§ WHAT YOU HAVE TO DO: Among the entries below, find the line with "校女生部的舞者在灯光下用热情" and the line with "根據浮力原理,浮子在測量管內". Return exactly those lines and every line between them, but no pictures.

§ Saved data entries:
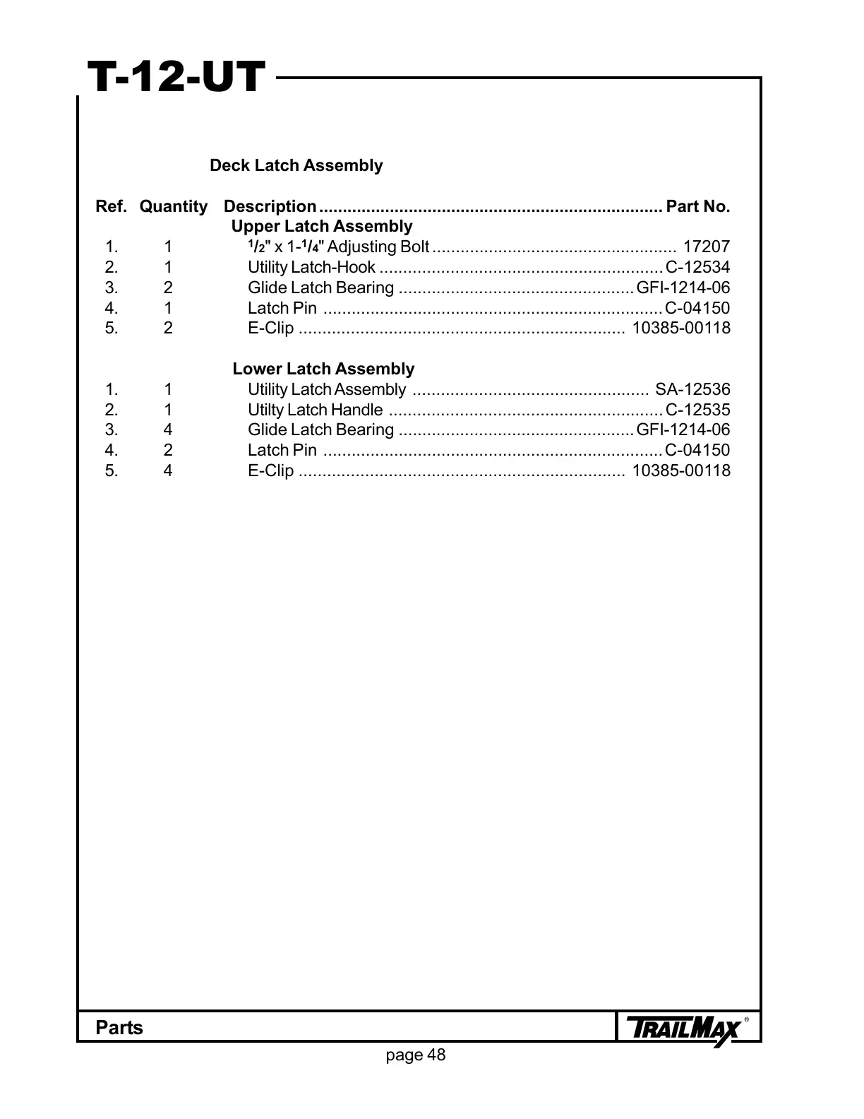 1. 1 Utility Latch Assembly .................................................. SA-12536
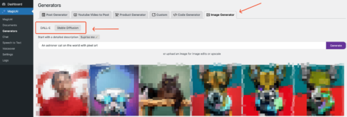 Go to the MagicAI > Generators > Image Generator. Above the input field, you will see the DALL-E and Stable Diffusion options. There you can choose the AI generator to use.
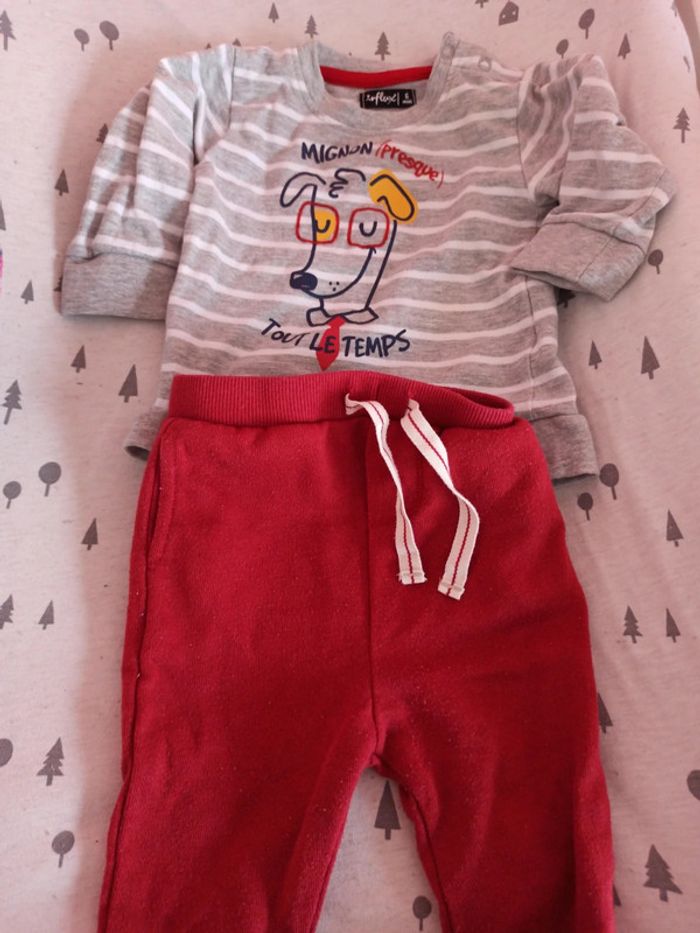 Gris et rouge chien jogging 6 mois Un peu de bouloche au pantalon #lucasandcie6mois In extenso
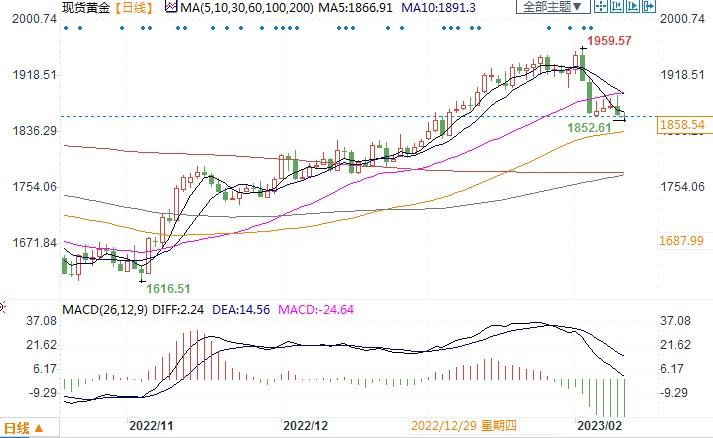 北京时间2月10日14:56,现货黄金报1858.06美元/盎司
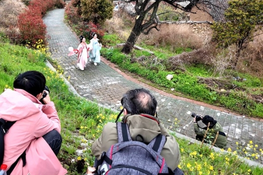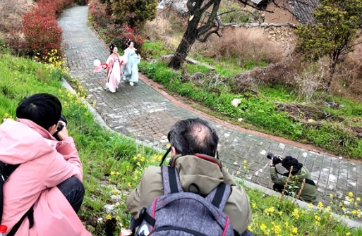 在这个花季,身着传统汉服的美女也会来到这里,踏春赏花,增添了浓厚的古典风情。
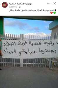 ورفع مناصرو مولودية الجزائر لافتة قرب ملعب خمسة يوليوز كتب عليها ” درتوها قضية في هاد البلاد رجعتوها سياسة وفساد”.
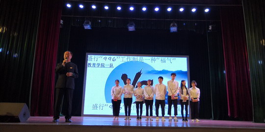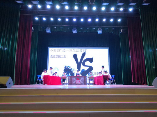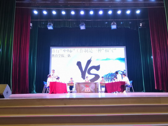 校女生部的舞者在灯光下用热情洋溢的舞蹈拉开本次辩论赛序幕。由健康管理二队代表的正方和摄影学院二队代表的反方带来的第一场比赛——朋友圈是否应该增加访客记录,立刻点燃全场观众的好辩之心;第二场比赛出场的队伍是正方教育学院二队和反方设计学院一队,“‘不要脸’是不是一项生活技能”的辩题为台下观众展现了智慧与口才的结合;“盛行‘996’工作制是不是一种‘福气’”在网上引起过轰动的话题也搬到了决赛的舞台,正方教育学院一队与摄影学院一队用即将踏上工作岗位青年人的角度阐述了各自观点,双方剑拔弩张、针锋相对、互不相让,为观众带来了刺激的辩论体验,吴其萃董事长在最后一场比赛进行了精彩的总结点评。经过一场场你来我往的较量,最终,摄影学院一队获得评委和观众的一致认可,摘得决赛桂冠;教育学院一队获得亚军;教育学院二队获得了季军,而教育学院的朱惠琦同学获得了“最佳辩手”荣誉称号。
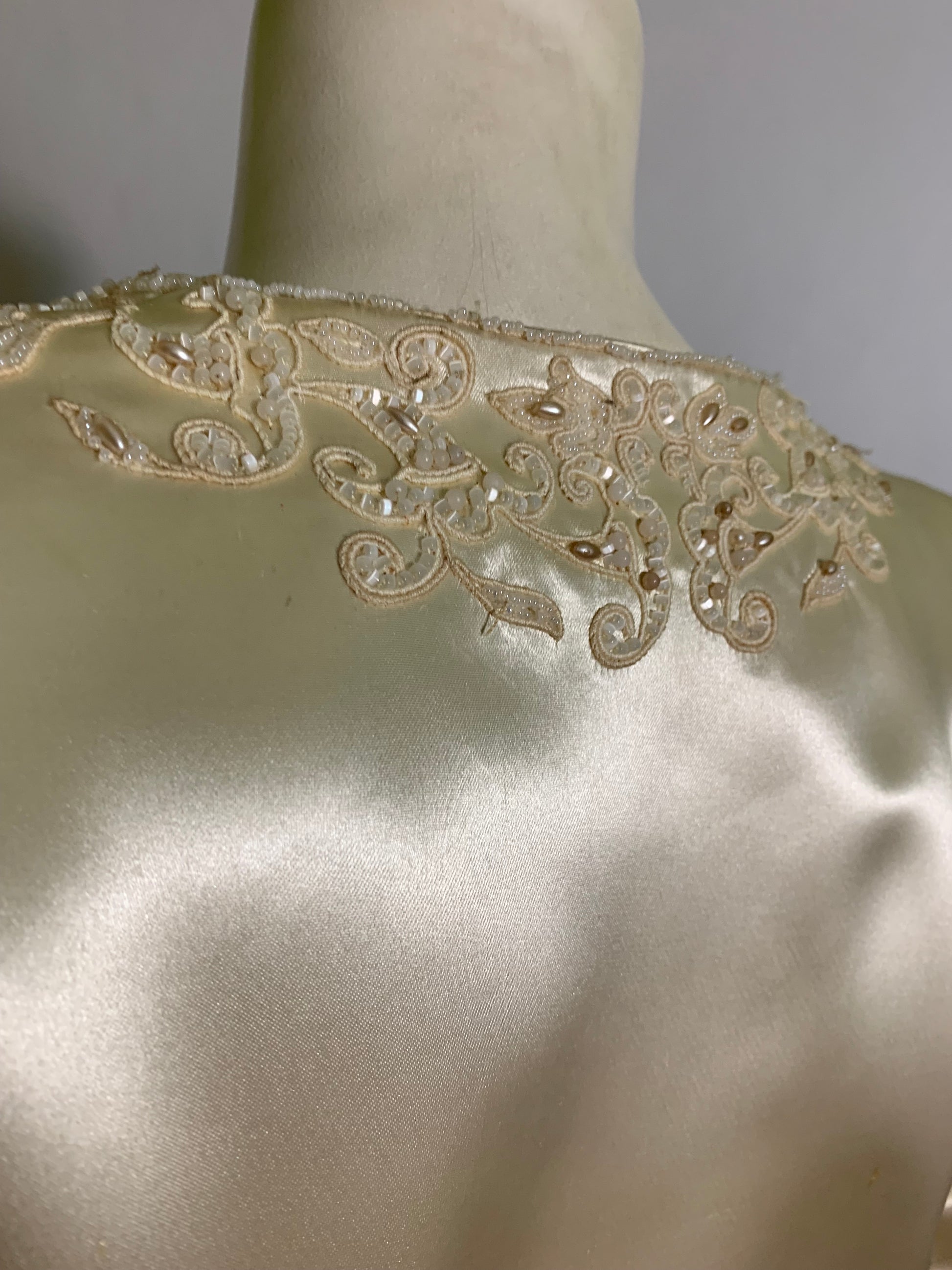 Winter White Slipped Satin Wedding Dress with Beaded Neckline and Hip Accents circa 1940s
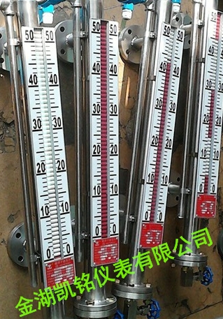 根據浮力原理,浮子在測量管內隨液位的升降而上、下移動,浮子內的永久磁鋼通過耦合作用,驅動紅、白色翻柱翻轉180°,液位上升時翻柱由白色轉為紅色,下降時由紅色轉為白色,從而實現液位指示。
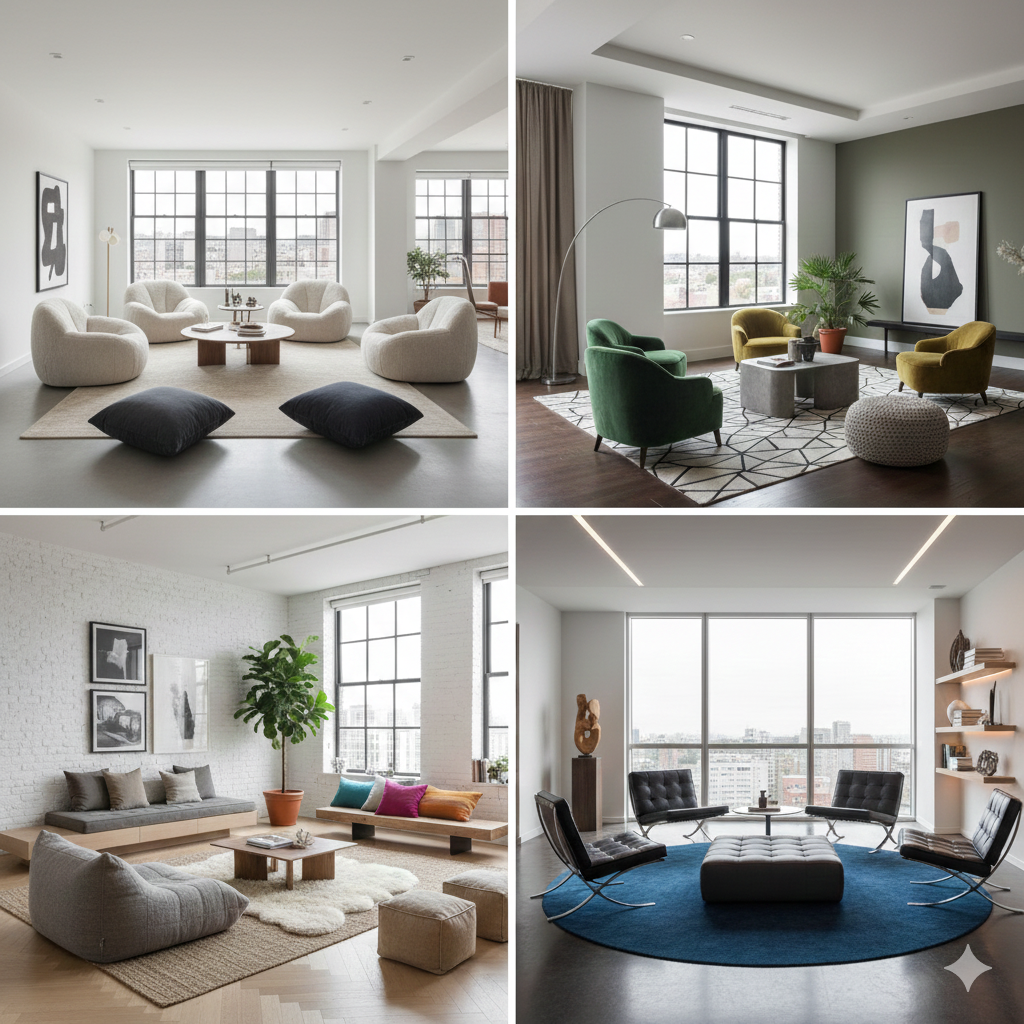 - Gezelligheid en conversatie: Gek genoeg kan het weghalen van de bank de sfeer intiemer maken. Met losse fauteuils of stoelen die je rond een salontafel groepeert, ontstaat een gezellige kring die uitnodigt tot gesprek[9]. Iedereen zit naar elkaar gericht in plaats van op een rij naast elkaar. Zo bevorder je interactie – ideaal voor als er vrienden op bezoek komen. Een cirkel van comfortabele stoelen met kussentjes en een poef in het midden kan net zo uitnodigend zijn als een traditionele zithoek.
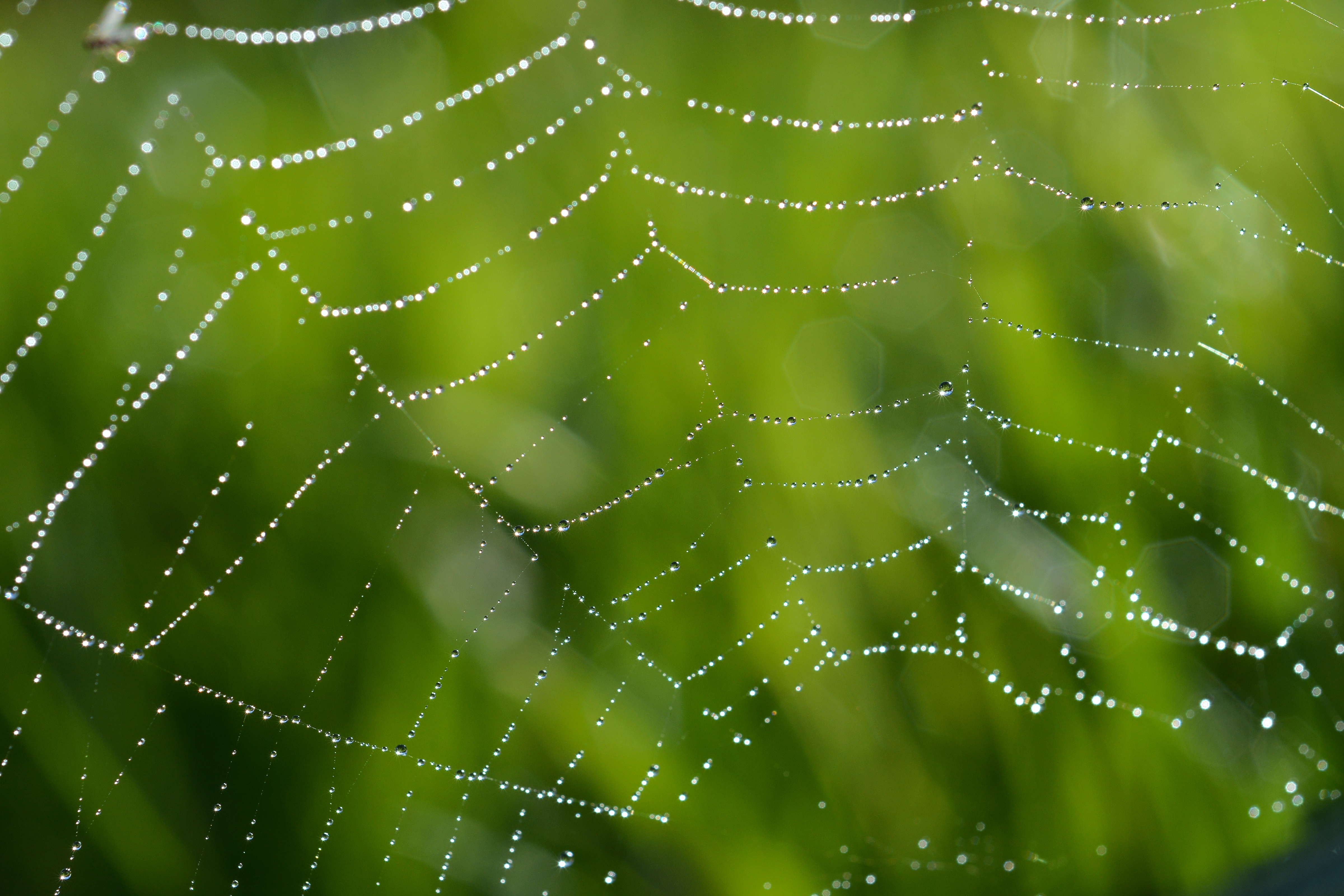 Druppels in het spinnenweb met een morgenzon en mooie frisse groene kleuren .

§ YOUR RESPONSE:
 校女生部的舞者在灯光下用热情洋溢的舞蹈拉开本次辩论赛序幕。由健康管理二队代表的正方和摄影学院二队代表的反方带来的第一场比赛——朋友圈是否应该增加访客记录,立刻点燃全场观众的好辩之心;第二场比赛出场的队伍是正方教育学院二队和反方设计学院一队,“‘不要脸’是不是一项生活技能”的辩题为台下观众展现了智慧与口才的结合;“盛行‘996’工作制是不是一种‘福气’”在网上引起过轰动的话题也搬到了决赛的舞台,正方教育学院一队与摄影学院一队用即将踏上工作岗位青年人的角度阐述了各自观点,双方剑拔弩张、针锋相对、互不相让,为观众带来了刺激的辩论体验,吴其萃董事长在最后一场比赛进行了精彩的总结点评。经过一场场你来我往的较量,最终,摄影学院一队获得评委和观众的一致认可,摘得决赛桂冠;教育学院一队获得亚军;教育学院二队获得了季军,而教育学院的朱惠琦同学获得了“最佳辩手”荣誉称号。
 Winter White Slipped Satin Wedding Dress with Beaded Neckline and Hip Accents circa 1940s
 根據浮力原理,浮子在測量管內隨液位的升降而上、下移動,浮子內的永久磁鋼通過耦合作用,驅動紅、白色翻柱翻轉180°,液位上升時翻柱由白色轉為紅色,下降時由紅色轉為白色,從而實現液位指示。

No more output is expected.